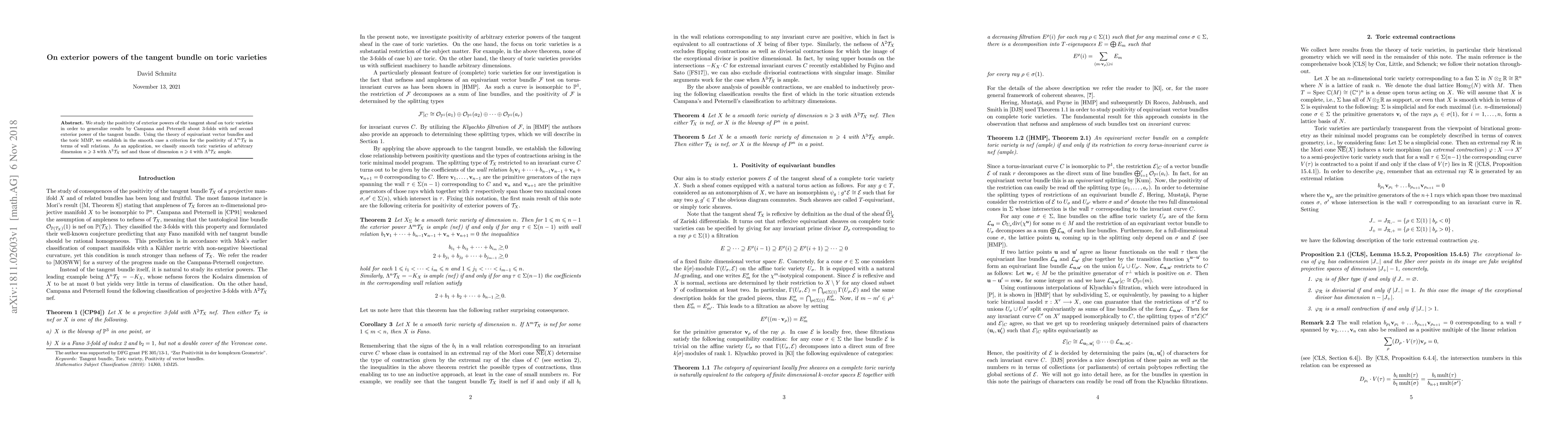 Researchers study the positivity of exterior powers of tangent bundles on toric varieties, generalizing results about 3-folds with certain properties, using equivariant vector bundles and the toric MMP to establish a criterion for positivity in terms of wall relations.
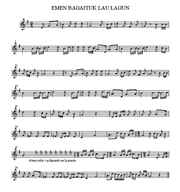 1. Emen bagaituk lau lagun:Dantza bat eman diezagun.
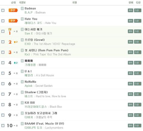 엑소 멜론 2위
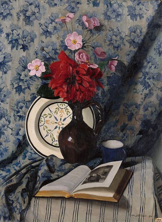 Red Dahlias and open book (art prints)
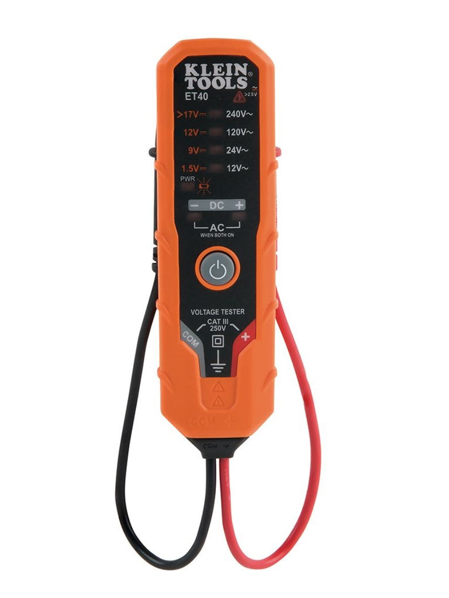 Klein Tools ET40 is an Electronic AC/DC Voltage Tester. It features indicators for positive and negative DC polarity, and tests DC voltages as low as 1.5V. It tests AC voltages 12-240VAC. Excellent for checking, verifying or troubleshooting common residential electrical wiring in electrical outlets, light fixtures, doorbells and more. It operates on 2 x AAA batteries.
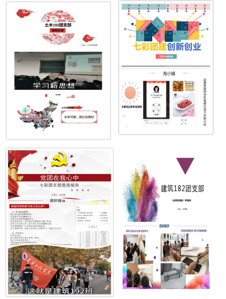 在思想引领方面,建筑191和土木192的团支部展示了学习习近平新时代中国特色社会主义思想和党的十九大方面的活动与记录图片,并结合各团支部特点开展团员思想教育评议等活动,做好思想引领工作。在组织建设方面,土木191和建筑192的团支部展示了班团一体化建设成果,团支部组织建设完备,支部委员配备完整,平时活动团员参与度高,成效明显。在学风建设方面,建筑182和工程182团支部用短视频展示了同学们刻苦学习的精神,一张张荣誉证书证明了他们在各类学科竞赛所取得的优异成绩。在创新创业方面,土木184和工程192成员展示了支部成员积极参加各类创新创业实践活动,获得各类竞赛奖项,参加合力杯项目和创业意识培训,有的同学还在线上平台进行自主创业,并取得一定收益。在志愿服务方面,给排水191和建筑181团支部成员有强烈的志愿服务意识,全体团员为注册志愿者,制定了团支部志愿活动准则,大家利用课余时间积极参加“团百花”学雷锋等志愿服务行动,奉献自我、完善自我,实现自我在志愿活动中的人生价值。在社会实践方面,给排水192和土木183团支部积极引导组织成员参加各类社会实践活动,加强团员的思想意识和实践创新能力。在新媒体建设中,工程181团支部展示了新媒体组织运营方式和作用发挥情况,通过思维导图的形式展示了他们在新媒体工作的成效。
※ ※ ※
• Problem statement: Leave the pictures aside and transcribe only the lines from the one holding "Red Dahlias and open book (art prints)" through the final line of the records above.

• Response:
 Red Dahlias and open book (art prints)
 Klein Tools ET40 is an Electronic AC/DC Voltage Tester. It features indicators for positive and negative DC polarity, and tests DC voltages as low as 1.5V. It tests AC voltages 12-240VAC. Excellent for checking, verifying or troubleshooting common residential electrical wiring in electrical outlets, light fixtures, doorbells and more. It operates on 2 x AAA batteries.
 在思想引领方面,建筑191和土木192的团支部展示了学习习近平新时代中国特色社会主义思想和党的十九大方面的活动与记录图片,并结合各团支部特点开展团员思想教育评议等活动,做好思想引领工作。在组织建设方面,土木191和建筑192的团支部展示了班团一体化建设成果,团支部组织建设完备,支部委员配备完整,平时活动团员参与度高,成效明显。在学风建设方面,建筑182和工程182团支部用短视频展示了同学们刻苦学习的精神,一张张荣誉证书证明了他们在各类学科竞赛所取得的优异成绩。在创新创业方面,土木184和工程192成员展示了支部成员积极参加各类创新创业实践活动,获得各类竞赛奖项,参加合力杯项目和创业意识培训,有的同学还在线上平台进行自主创业,并取得一定收益。在志愿服务方面,给排水191和建筑181团支部成员有强烈的志愿服务意识,全体团员为注册志愿者,制定了团支部志愿活动准则,大家利用课余时间积极参加“团百花”学雷锋等志愿服务行动,奉献自我、完善自我,实现自我在志愿活动中的人生价值。在社会实践方面,给排水192和土木183团支部积极引导组织成员参加各类社会实践活动,加强团员的思想意识和实践创新能力。在新媒体建设中,工程181团支部展示了新媒体组织运营方式和作用发挥情况,通过思维导图的形式展示了他们在新媒体工作的成效。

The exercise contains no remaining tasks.